Bisdw is a simple ETL tool that we developed for monitoring use case that demanded us to retrieve data from different source and put it into a local database. As a tool it can be used independent of Bischeck. Most of the ETL logic is provided by the Scriptella project. What we have added are functionality for scheduling, FTP integration, init scripts, etc.

You can download Bisdw from gforge.ingby.com. Documentation is available here.

Bischeck 1.0.0 RC1 is available

After a little longer than expected, we finally have RC1 of version 1.0.0 available. This is not a production ready version and should only be used for testing. We hope to get feedback and bug reports from all of you who take the time to test.

RC1 does not support upgrade from 0.4.3, but should run with your current configuration files. And if you like to use the existing cached data from your bischeck 0.4.3 you need to migrate it to redis cache as explained below. Continue reading Bischeck 1.0.0 RC1 is available

Bischeck 0.4.2 performance testing

Introduction

Performance testing is key to secure that your software can handle the load and to verify the robustness of the software. With server based software, running as a daemon, it is especially important to verify that the software is stable during a long period of continues uptime without decreased throughput and by leaking resources, like memory. 

Since bischeck is designed to do advanced service check with dynamic and adaptive thresholds we know that cpu and memory will be important resources when operating with mathematical algorithms over historical collected data.

The test setup will start with a baseline that is scaled in two dimensions, increase the load by increase the number of service jobs and increase the load by decrease the interval between service job schedules.

Read the full benchmark report 

 

bischeck 0.4.2 RC2 is released – test now!

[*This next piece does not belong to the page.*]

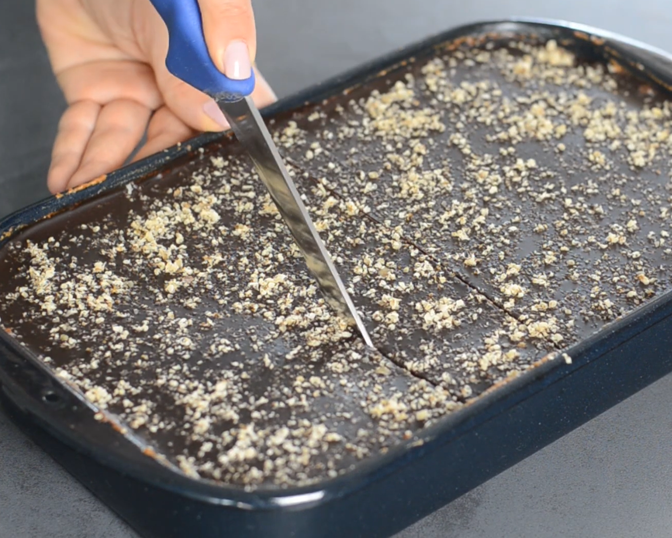Ganache premažite po ohlajenem pecivu in posujte z mletimi orehi. Dobro ohladite.

We are pleased to release the second release candidate for bischeck 04.2. The major change in this release candidate is how null values are managed for mathematical functions that takes a list of arguments like sum and avg. Read more about this feature in the documentation.

 This release include the following features and fixes:

New feature

• Related to bug [TR-227 ] the naming of host, service and serviceitem names has been improved. 

• Execution statements and thresholds hour specification where cache data is retrieved as a list, like in a function as avg(x-y-z[4:10]) and max(x-y-z[-5M:-15M]), can now be configured to return a value as long as at lest one index in the range is not null. To support backwards capability the new functionality will only be used if the property notFullListParse is set to true in the properties.xml. The default value is false. 

• There has been some discussion about what Nagios state should be sent if the a the returned execute statement of a service item is null. In previous releases this has been hard coded to OK, but now its possible to define it by setting the property stateOnNull. The property can be set to an integer 0,1,2 or 3 or to a string OK, WARNING, CRITICAL or UNKNOWN. The default is UNKNOWN.

• When a service class get an exception when creating a connection the previous versions did not save any data to the cache. If the property saveNullOnConnectionError you will now get a null value inserted into the cache when a connection exception is thrown. For backwards compatibility the default value of the property is false.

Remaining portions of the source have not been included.